The nursing homes have now disappeared and it is now the turn of the nursing homes? Not that they will all be abolished immediately, but the number of beds will remain the same while the aging population increases and more people need nursing.
The staffing problem is not only noticeable in nursing homes. The same is true in district nursing. The minister also wants to cut another 400 million euros on nursing home care. This is extremely strange, because that way you don’t solve the ‘care stroke’.
SAMEN, with more than twenty branches in the Koop van Noord-Holland, an important player in elderly care in our region, takes the staff shortage as a given and will organize nursing home care differently. How? By offering nursing care in people’s homes. For example, withdrawals must be drastically reduced. But providing nursing care in homes is not efficient because travel time costs money.
The main background to the demand for nursing home care is deteriorating health (physical, cognitive, psychological). Arranging constant close support at home is difficult; and family and friends cannot provide sufficient help. The choice for inpatient care also has to do with the fear that something bad will happen when no one is around to help.
SAMEN opts for a different strategy. She is going to teach the sick self-reliance, what else can they do, rather than what they can’t do. Prevention should encourage older people to live healthier lives and SAMEN wants to digitize healthcare in order to reduce patient contact. SAMEN will also coach informal carers to ensure that they can also perform medical procedures. This saves staff and is very cheap. Care for the elderly must become more efficient and cheaper. Technocratic too.

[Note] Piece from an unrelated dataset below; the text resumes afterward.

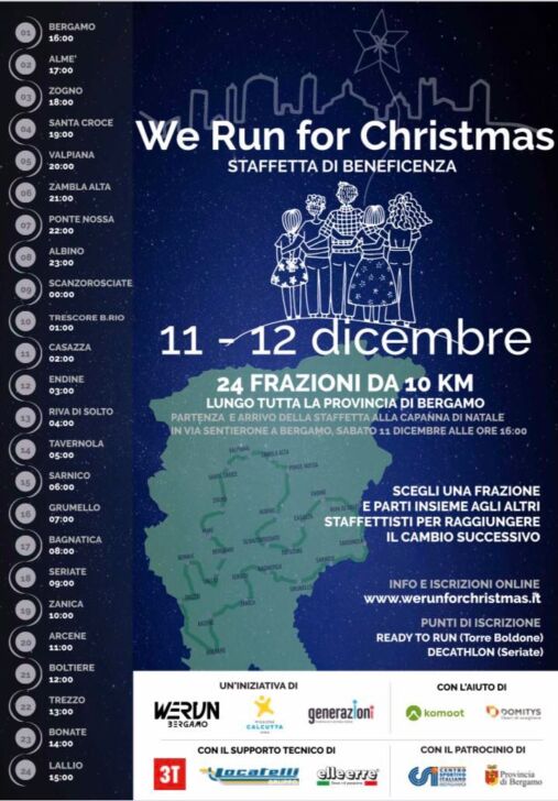 Torna questo weekend la staffetta natalizia di beneficenza “We Run for Christmas”, organizzata dall’associazione promotrice degli allenamenti di gruppo “We Run Bergamo”. Alle ore 16 di sabato 11 dicembre i primi partecipanti si lasceranno alle spalle la Capanna di Natale sul Sentierone, iconico punto di partenza e arrivo dell’intera manifestazione, per portarne lo spirito natalizio su tutto il territorio provinciale. Ogni 10 km un corridore-tedoforo, dopo avere coperto in circa un’ora la distanza della propria frazione accompagnato dai partecipanti suoi accompagnatori, passerà il testimone al rappresentante del segmento successivo. Questa operazione si ripeterà per ben 24 ore in altrettante differenti località e si concluderà di nuovo a Bergamo sul Sentierone, da tabella di marcia 24 ore dopo la partenza: alle 16 di domenica 12 dicembre. Ancora una volta il movente è benefico: dopo anni di fruttuosa collaborazione con il Patronato San Vincenzo, tanto a sostegno dell’attività sul territorio che di quella in terra boliviana, quest’anno a beneficiare dei fondi raccolti sarà la Cooperativa Sociale Generazioni FA per il suo progetto di “tirocini sportivi” realizzati in collaborazione con Missione Calcutta ONLUS. Si tratta, nello specifico, di percorsi volti a incrementare il lavoro educativo nei confronti di ragazzi spesso in condizioni di grave fragilità con esperienze sportive che possano rappresentare uno stimolo e una possibilità di riscatto. Un progetto molto affine ai valori che ispirano da anni l’attività di We Run Bergamo e per questo considerato dagli organizzatori particolarmente coerente con la propria identità. Per iscriversi e per maggiori informazioni, è online il sito www.werunforchristmas.it e attiva la mail info@werunbergamo.it.

SAMEN assumes that people with dementia can stay in their own home. To achieve this, SAMEN is counting on other healthcare institutions to participate in this concept. But SAMEN does not have these institutions on a string. And many homes are not suitable for nursing care. That is going to be a piece of cake.
Samen is inspired by the Scandinavian model, where this method has been in vogue for some time. But you cannot compare our country with, for example, Denmark. Care is organized differently there. There are also no health insurers and much fewer different health care providers. There is also a form of area-oriented financing that we are not aware of.
There is hardly any part-time work there, while the Netherlands is champion in this area. If all part-timers in healthcare would work an hour more, the staff shortages in healthcare would have virtually disappeared. And if the bureaucracy is subsequently cleared up and the salaries are paid in accordance with the market, SAMEN does not have to turn things upside down.
In a small area like the Noordkop with barely 160,000 inhabitants, there are a lot of care institutions. They call each other colleagues, but in reality they are competitors due to market forces. Buurtzorg works differently than the Omring. SAMEN paints a too rosy picture of elderly people who are trying to shift care to the streets. What do the elderly think? After that you will not be asked.
It is remarkable that SAMEN does not follow the line of the ActiZ umbrella, which believes that Minister Conny Helder does not comply with the agreements made about 25,000 additional nursing care places until 2026. This will increase the waiting lists even further. ActiZ does not resign itself to this and is going to battle with the minister. SAMEN chooses differently and that is not to the advantage of the elderly who need nursing. While her adage should be: even better care, less bureaucracy and more job satisfaction.